Objective (OCL) H1 2026 earnings summary
Event summary combining transcript, slides, and related documents.
H1 2026 earnings summary
26 Feb, 2026Executive summary
Achieved 100% subscription-based software revenue, with SaaS revenue up 24% and adjusted EBITDA margin at 40% for the half-year.
Revenue reached $67 million, up 9% year-over-year, with ARR at $120 million (+12%) and net profit after tax of $19 million, up 10%.
Strong R&D investment at 28% of software revenue, totaling $17 million for the period and $140 million over five years.
Operating cash flow was $22 million, up 72% year-over-year, and cash balance at period end was $95 million.
Integration of IsoPlan and Isovist acquisitions expanded product offerings and market reach.
Financial highlights
Adjusted EBITDA was $26 million, up 11% year-over-year, with a margin of 40%.
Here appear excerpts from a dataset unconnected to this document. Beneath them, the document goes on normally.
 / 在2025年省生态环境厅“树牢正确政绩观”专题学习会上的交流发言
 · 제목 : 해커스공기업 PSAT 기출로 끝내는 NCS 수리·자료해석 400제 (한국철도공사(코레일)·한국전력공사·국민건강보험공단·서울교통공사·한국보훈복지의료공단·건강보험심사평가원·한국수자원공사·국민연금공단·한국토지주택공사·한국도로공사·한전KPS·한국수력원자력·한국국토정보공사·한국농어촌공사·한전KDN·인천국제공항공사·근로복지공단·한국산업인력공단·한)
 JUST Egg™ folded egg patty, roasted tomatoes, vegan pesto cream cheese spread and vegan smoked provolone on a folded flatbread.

Interim dividend of $0.13 per share declared, unfranked, up 13% from prior period.
Cash balance of $95 million after dividends and acquisitions; no external borrowings.
Operating cash flow increased 72% to $22 million.
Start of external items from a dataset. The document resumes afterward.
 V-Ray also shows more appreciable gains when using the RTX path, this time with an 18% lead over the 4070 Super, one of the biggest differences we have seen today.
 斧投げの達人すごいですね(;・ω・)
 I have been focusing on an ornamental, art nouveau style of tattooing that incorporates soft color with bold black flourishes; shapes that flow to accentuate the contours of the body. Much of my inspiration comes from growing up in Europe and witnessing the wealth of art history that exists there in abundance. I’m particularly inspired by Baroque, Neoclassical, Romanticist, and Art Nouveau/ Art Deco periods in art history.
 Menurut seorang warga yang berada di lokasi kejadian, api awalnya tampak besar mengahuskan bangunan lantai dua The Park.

Earnings per share rose to 19.6 cents from 17.9 cents year-over-year.
Outlook and guidance
FY2026 ARR growth guidance of 10–14% on a constant currency basis, targeting 15% through organic growth and R&D.
Continued strong EBITDA margin expected, leveraging AI leadership and expanding use cases.
R&D investment expected to remain stable, using AI efficiencies to accelerate innovation.
Focus remains on organic growth, with M&A activity paused pending market valuation adjustments.
Modest contribution from Objective Build in Australia expected in FY2026, with stronger impact anticipated in FY2027.